How To Water

Probably the most common question we get here at Fasel & Sons is: "How should I water it?"

There are only 2 methods we need to learn about watering: watering containers and watering plants in the ground.

There's also only 1 simple rule: Water it when it gets dry.


Watering Containers

Containers use more water than things in the ground. Remember that plants in the ground can search for and get more water by growing their roots deeper and wider. Plants in containers though only get what we give to them. They can't grow their roots out past the container walls to get more. Outdoor containers, flower pouches, and hanging baskets need to be checked for water daily, especially during the hot summer months. Either lift up on the pot and feel it's weight (dry pots are lighter than wet pots) or stick a finger an inch or two into the soil. If it feels like a damp sponge you're probably ok for the day. If it's dry though, it's time to water.

When watering, we want to make sure to have a thorough drenching. There should be no such thing as a light watering. We either drench it or we don't touch it. Light waterings create all kinds of problems which can include root rot, fungus, and disease. We should add enough water that it starts to come out the holes in the bottom of the pot. If our pot doesn’t have holes, it's a good idea to make some so you can water properly.

After drenching, give the plant 5 or 10 minutes and drench it again. This ensures that the soil has had a chance to soak up as much as it can. Don't worry, you'll never "drown" your plants by watering them too much at any given time. We water twice because sometimes dry soils actually resist water at first.


Watering Plants in the Ground

(Including the Lawn)

Plants in the ground should only be watered once a week, though it's still best to check and see if they need it, lawns included. Spacing out the waterings to only weekly encourages a strong, deep root system that can handle abuse and remain vigorous during heat stress.

The best way to do this for individual plants is to turn the hose to a trickle, like you would if you were going to drink out of it and place it at the base of the plant for 15 to 20 minutes. If you're worried about forgetting to shut it off, just set a timer on your phone (I know this is what I always have to do because I've forgotten a few too many times). This gives the water a chance to soak the area deeply.

For a lawn, sprinklers should be set to run once a week and timed to put down one inch of water.
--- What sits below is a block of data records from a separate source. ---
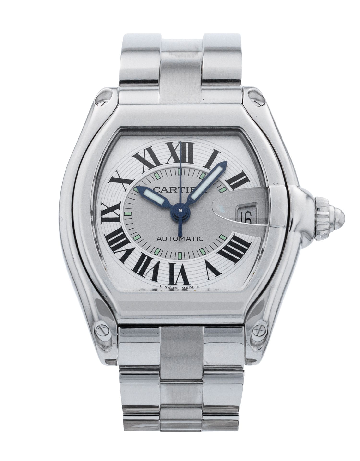 This Cartier Roadster W62000V3 has a silver roman numeral dial and a bracelet strap. This Cartier has undergone a thorough inspection of accuracy, functionality and condition at our Cartier certified service centre to determine the level of reconditioning required to meet our strict standards. It has also been checked against our records to ensure authenticity. All our watches have a 24-month warranty for your peace of mind.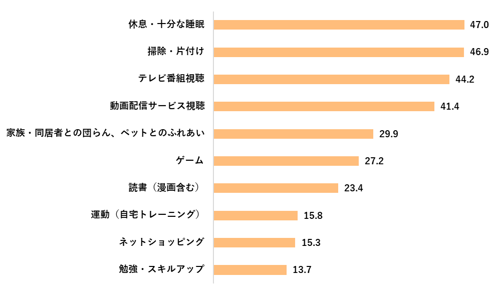 全体では「休息・十分な睡眠」「掃除・片付け」が上位となり、それぞれ約5割だった。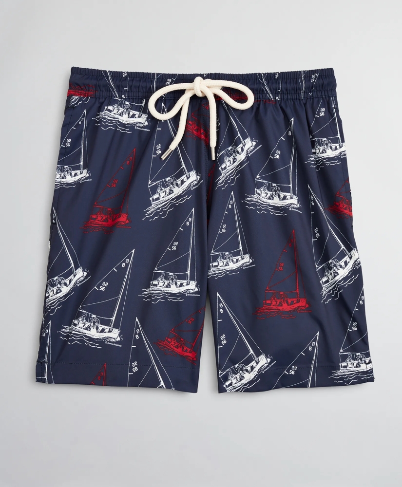 Boys Sailboat Print Swim Trunks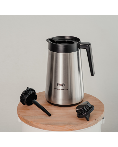 El Termo para KBGT de 1.25L de Moccamaster es una pieza esencial para aquellos que valoran la frescura y la temperatura ideal de su café. Este termo de acero inoxidable mantiene el café caliente durante horas sin necesidad de una placa caliente, preservando su sabor y aroma. Diseñado para ser utilizado con las cafeteras Moccamaster KBGT, este termo también cuenta con una tapa hermética que evita derrames y mantiene el café perfectamente mezclado gracias a su mecanismo interno de mezclado. Es ideal para oficinas, reuniones o cualquier situación donde desees disfrutar de café caliente por más tiempo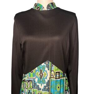 Vintage 70s Size Large Mod Maxi Dress Long Sleeve Evening Gown Modest Boho
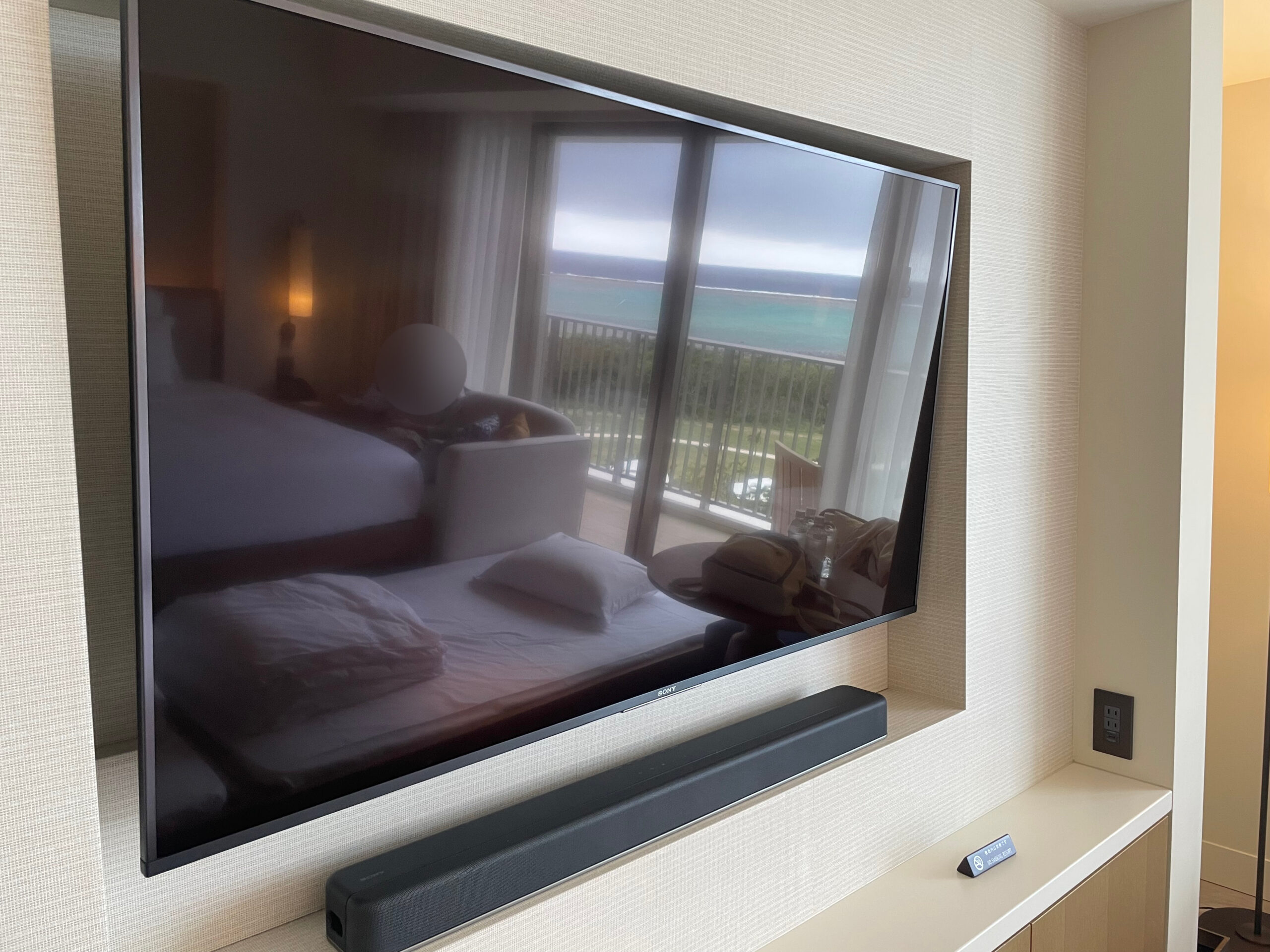 キャビネットの横にはテレビとサウンドバー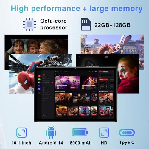 - 【Latest Android 14 System】The tablet is equipped with the latest Android 14 system, which is fast and offers great compatibility. The system fully protects users' privacy. You can customize desktop themes, text styles and App icons, and add widgets like clock, weather and calendar. Android 14 brings you new features such as multi-user, multi-window, split screen and parental control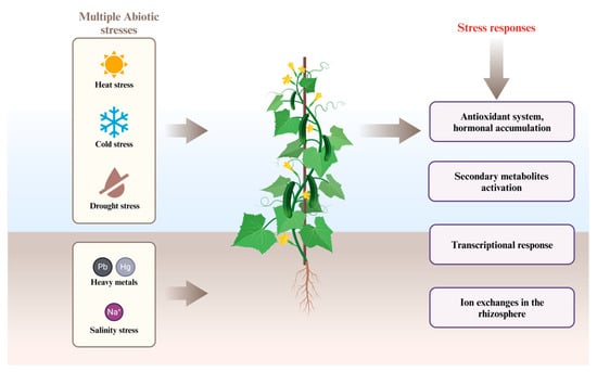 High temperature and salinity often pose a threat and thus far have been reported in several horticultural crops, including tomato, citrus, and Casuarina glauca. In general, Casuarina glauca is tolerant to salt or high-temperature stress alone but unable to cope when they happen simultaneously []. Concomitant high-temperature and salt stress conferred significant protection to tomato plants, as they alleviated the effect of single salt stress []. High transpiration evoked by high temperature neutralized the physiological response of Carrizo citrange to salt stress by hastening the leaf Cl− intake. On the other hand, combined high- and high-salt stress had enhanced or attenuated hormonal responses to regulate the complex responses to single stress []. The collective response of the plant to multiple stresses at the same time continuously varies depending on which stress comes first.

This simulates the one inch of rainfall they are supposed to receive each week. If it rains enough for the week (you can check rainfall totals online), turn off your sprinkler until next week.


One Important Rule:

Keep The Leaves Dry!

First, plants can't take in that much water through their leaves. That's like assuming if you were thirsty, you could just go take a bath. The vast majority of water is taken in through the roots. That's why they have them!

Second, if you consistently get the leaves of your plants wet, you'll likely end up with some sort of fungal problem. Certain plants are more susceptible to this than others, but the best practice is to just water the soil!